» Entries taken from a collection
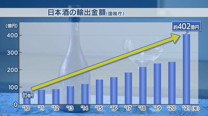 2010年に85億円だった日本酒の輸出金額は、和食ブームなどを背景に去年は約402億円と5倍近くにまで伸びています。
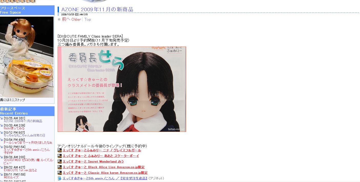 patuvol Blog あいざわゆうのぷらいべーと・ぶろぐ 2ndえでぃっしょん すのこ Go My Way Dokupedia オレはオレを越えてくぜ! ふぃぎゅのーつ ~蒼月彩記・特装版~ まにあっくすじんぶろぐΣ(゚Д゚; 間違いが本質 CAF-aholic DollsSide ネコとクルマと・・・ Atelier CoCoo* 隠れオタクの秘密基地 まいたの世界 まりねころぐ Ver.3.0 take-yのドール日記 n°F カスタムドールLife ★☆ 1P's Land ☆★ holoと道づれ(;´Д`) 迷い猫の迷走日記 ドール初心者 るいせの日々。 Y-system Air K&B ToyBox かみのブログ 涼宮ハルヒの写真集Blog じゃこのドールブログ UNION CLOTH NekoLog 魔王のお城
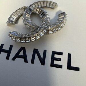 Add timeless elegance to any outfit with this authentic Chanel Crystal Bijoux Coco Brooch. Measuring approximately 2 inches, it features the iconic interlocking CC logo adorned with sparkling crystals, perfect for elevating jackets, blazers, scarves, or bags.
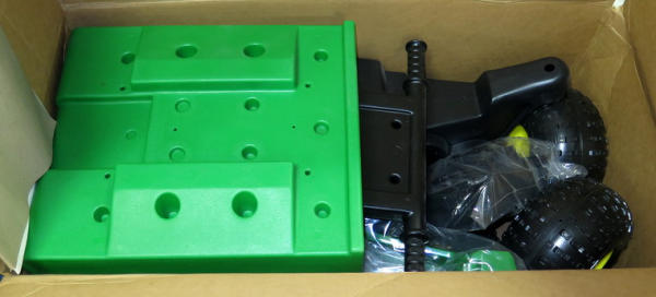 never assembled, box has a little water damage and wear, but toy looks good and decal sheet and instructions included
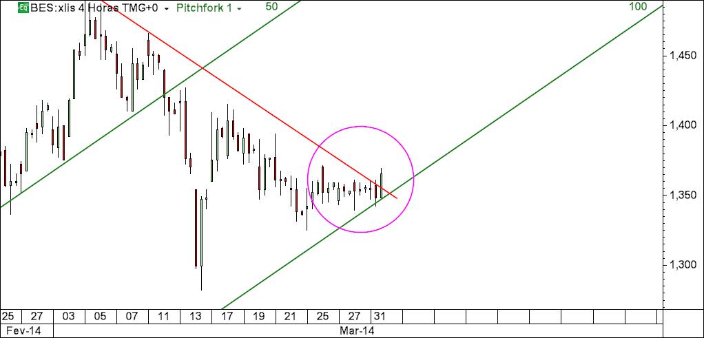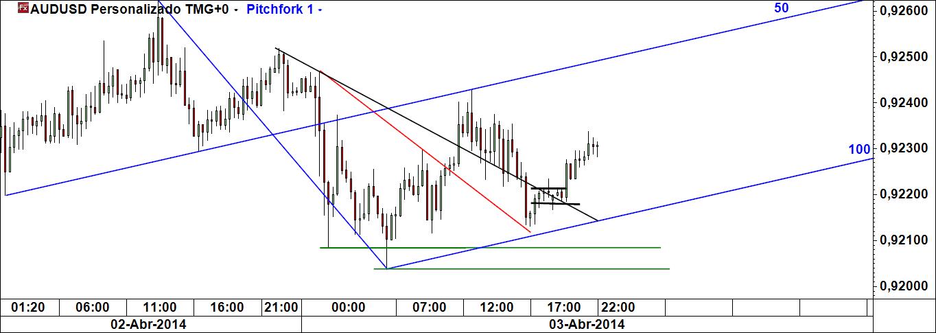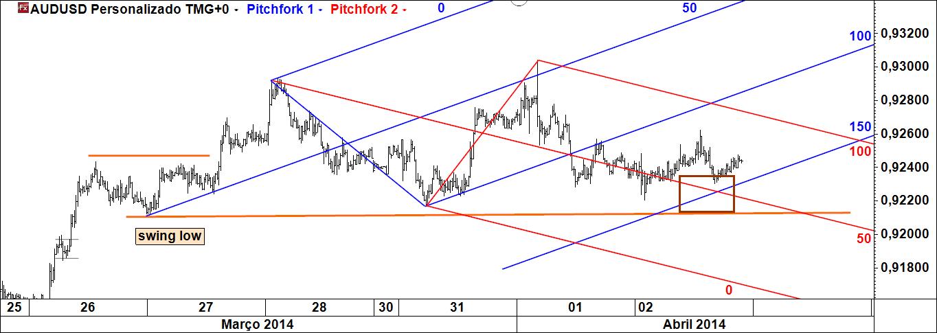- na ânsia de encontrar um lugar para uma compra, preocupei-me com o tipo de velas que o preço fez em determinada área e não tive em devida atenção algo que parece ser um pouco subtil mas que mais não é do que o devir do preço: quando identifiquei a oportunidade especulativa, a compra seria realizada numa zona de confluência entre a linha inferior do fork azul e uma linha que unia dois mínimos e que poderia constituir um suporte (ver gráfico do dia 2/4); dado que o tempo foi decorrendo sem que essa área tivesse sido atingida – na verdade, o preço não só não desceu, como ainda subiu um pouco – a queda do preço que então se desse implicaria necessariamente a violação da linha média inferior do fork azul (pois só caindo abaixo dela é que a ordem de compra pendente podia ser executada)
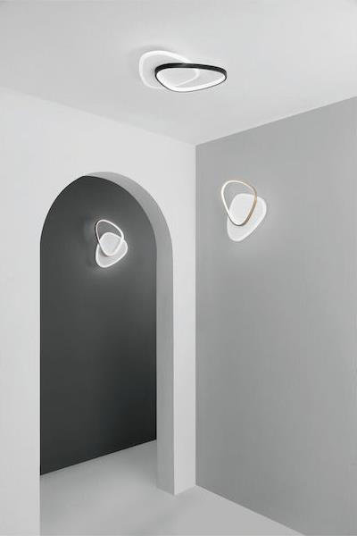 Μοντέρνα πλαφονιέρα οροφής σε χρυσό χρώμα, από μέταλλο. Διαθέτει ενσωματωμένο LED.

» What the task requires
Once you find the line that contains "never assembled, box", give it again along with every later line through the end of the data, word for word, minus the pictures.

» Answer
 never assembled, box has a little water damage and wear, but toy looks good and decal sheet and instructions included
- na ânsia de encontrar um lugar para uma compra, preocupei-me com o tipo de velas que o preço fez em determinada área e não tive em devida atenção algo que parece ser um pouco subtil mas que mais não é do que o devir do preço: quando identifiquei a oportunidade especulativa, a compra seria realizada numa zona de confluência entre a linha inferior do fork azul e uma linha que unia dois mínimos e que poderia constituir um suporte (ver gráfico do dia 2/4); dado que o tempo foi decorrendo sem que essa área tivesse sido atingida – na verdade, o preço não só não desceu, como ainda subiu um pouco – a queda do preço que então se desse implicaria necessariamente a violação da linha média inferior do fork azul (pois só caindo abaixo dela é que a ordem de compra pendente podia ser executada)
 Μοντέρνα πλαφονιέρα οροφής σε χρυσό χρώμα, από μέταλλο. Διαθέτει ενσωματωμένο LED.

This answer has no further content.